**Entries supplied**.
|---|
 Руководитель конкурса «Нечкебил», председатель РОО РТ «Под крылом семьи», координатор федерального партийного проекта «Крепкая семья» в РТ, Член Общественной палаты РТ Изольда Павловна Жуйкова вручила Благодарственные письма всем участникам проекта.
|---|
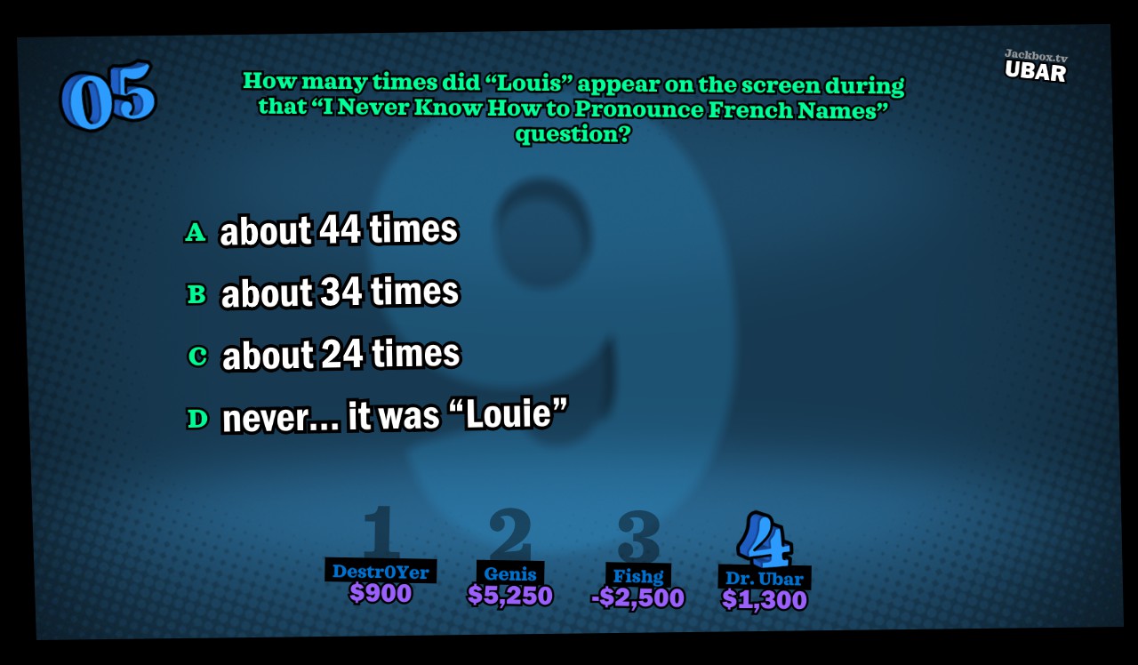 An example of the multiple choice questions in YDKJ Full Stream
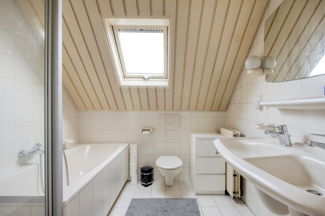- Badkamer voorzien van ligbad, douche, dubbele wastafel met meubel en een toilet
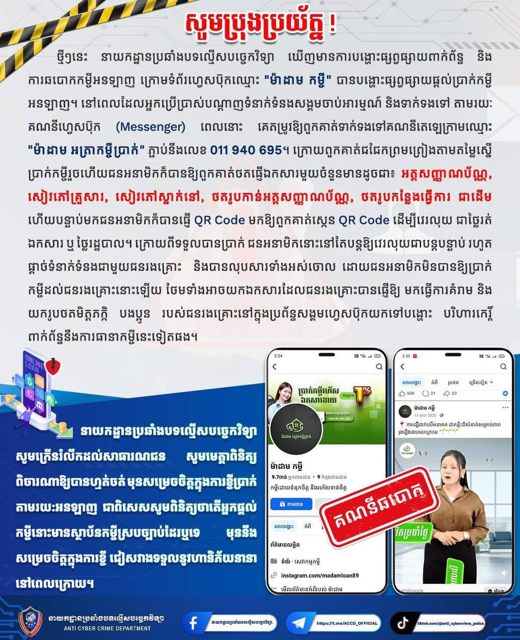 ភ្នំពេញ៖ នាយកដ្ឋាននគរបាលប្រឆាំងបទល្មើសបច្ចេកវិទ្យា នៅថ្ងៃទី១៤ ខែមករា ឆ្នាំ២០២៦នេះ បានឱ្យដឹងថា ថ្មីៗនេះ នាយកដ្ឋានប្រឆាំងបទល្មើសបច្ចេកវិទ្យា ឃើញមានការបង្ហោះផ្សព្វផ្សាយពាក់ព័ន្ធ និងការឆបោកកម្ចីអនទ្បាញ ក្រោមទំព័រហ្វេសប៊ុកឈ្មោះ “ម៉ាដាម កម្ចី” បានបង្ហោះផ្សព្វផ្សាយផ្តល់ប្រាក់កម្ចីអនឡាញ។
|---|
Beginning with the line above that contains "An example of" and ending with the line that contains "ភ្នំពេញ៖ នាយកដ្ឋាននគរបាលប្រឆាំងបទល្មើសបច្ចេកវិទ្យា នៅថ្ងៃទី១៤", quote each line exactly, keeping out the pictures.

**Answer section**.
 An example of the multiple choice questions in YDKJ Full Stream
- Badkamer voorzien van ligbad, douche, dubbele wastafel met meubel en een toilet
 ភ្នំពេញ៖ នាយកដ្ឋាននគរបាលប្រឆាំងបទល្មើសបច្ចេកវិទ្យា នៅថ្ងៃទី១៤ ខែមករា ឆ្នាំ២០២៦នេះ បានឱ្យដឹងថា ថ្មីៗនេះ នាយកដ្ឋានប្រឆាំងបទល្មើសបច្ចេកវិទ្យា ឃើញមានការបង្ហោះផ្សព្វផ្សាយពាក់ព័ន្ធ និងការឆបោកកម្ចីអនទ្បាញ ក្រោមទំព័រហ្វេសប៊ុកឈ្មោះ “ម៉ាដាម កម្ចី” បានបង្ហោះផ្សព្វផ្សាយផ្តល់ប្រាក់កម្ចីអនឡាញ។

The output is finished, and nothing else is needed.